## Exercise aim
Output, exactly and in full, only the lines from the one containing "Diese App wird" to the last line of the data. Pictures should not appear.

## Data extract
####
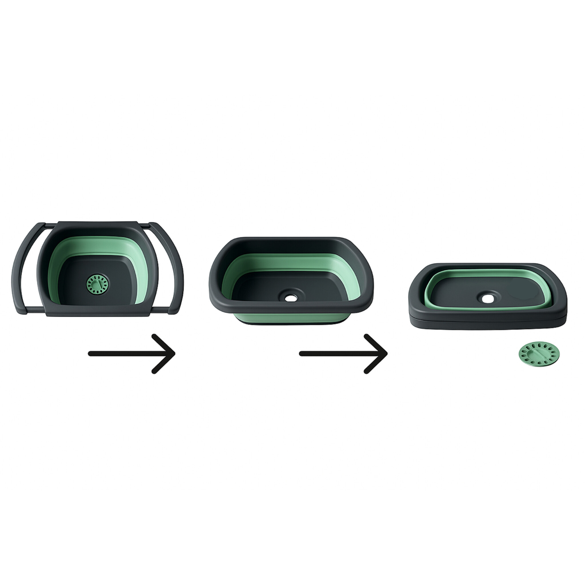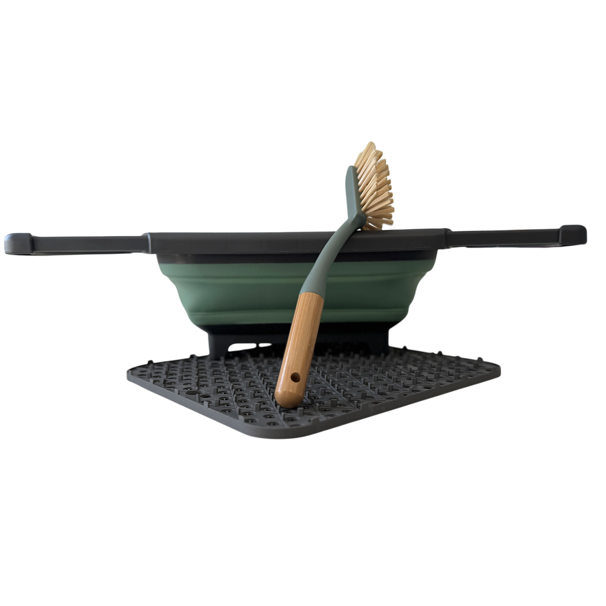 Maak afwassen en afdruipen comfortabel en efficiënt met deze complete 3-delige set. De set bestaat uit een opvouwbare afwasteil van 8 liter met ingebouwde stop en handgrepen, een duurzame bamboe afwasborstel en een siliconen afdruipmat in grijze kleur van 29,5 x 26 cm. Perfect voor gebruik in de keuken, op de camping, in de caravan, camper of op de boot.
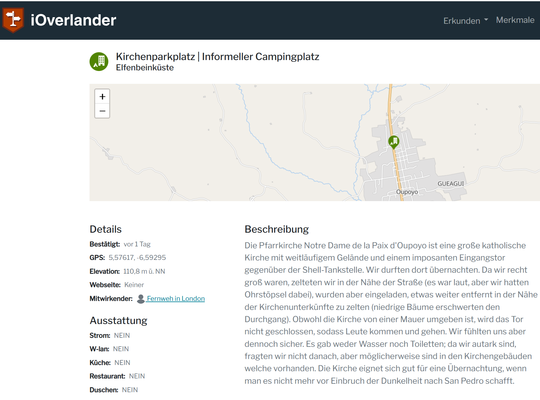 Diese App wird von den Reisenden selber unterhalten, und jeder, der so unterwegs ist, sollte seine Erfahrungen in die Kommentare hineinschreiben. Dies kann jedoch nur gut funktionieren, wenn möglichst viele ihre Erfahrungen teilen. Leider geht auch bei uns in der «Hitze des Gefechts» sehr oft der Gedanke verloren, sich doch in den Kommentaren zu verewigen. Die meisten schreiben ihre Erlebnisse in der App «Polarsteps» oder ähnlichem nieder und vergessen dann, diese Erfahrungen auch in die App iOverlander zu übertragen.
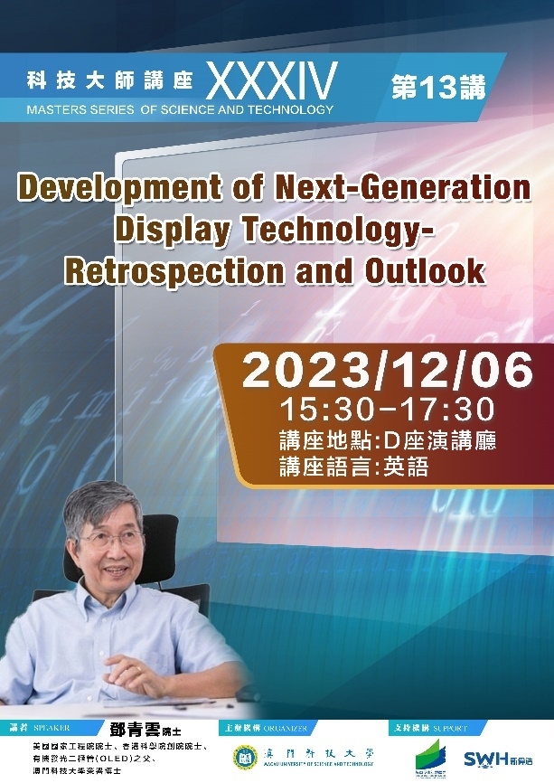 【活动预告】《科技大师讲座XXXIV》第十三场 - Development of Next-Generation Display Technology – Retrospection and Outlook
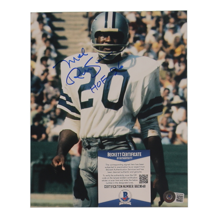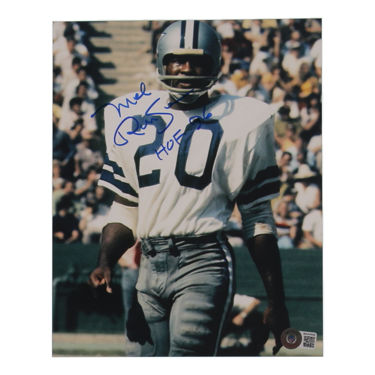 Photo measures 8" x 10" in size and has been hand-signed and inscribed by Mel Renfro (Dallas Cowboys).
####
## Problem solution
 Diese App wird von den Reisenden selber unterhalten, und jeder, der so unterwegs ist, sollte seine Erfahrungen in die Kommentare hineinschreiben. Dies kann jedoch nur gut funktionieren, wenn möglichst viele ihre Erfahrungen teilen. Leider geht auch bei uns in der «Hitze des Gefechts» sehr oft der Gedanke verloren, sich doch in den Kommentaren zu verewigen. Die meisten schreiben ihre Erlebnisse in der App «Polarsteps» oder ähnlichem nieder und vergessen dann, diese Erfahrungen auch in die App iOverlander zu übertragen.
 【活动预告】《科技大师讲座XXXIV》第十三场 - Development of Next-Generation Display Technology – Retrospection and Outlook
 Photo measures 8" x 10" in size and has been hand-signed and inscribed by Mel Renfro (Dallas Cowboys).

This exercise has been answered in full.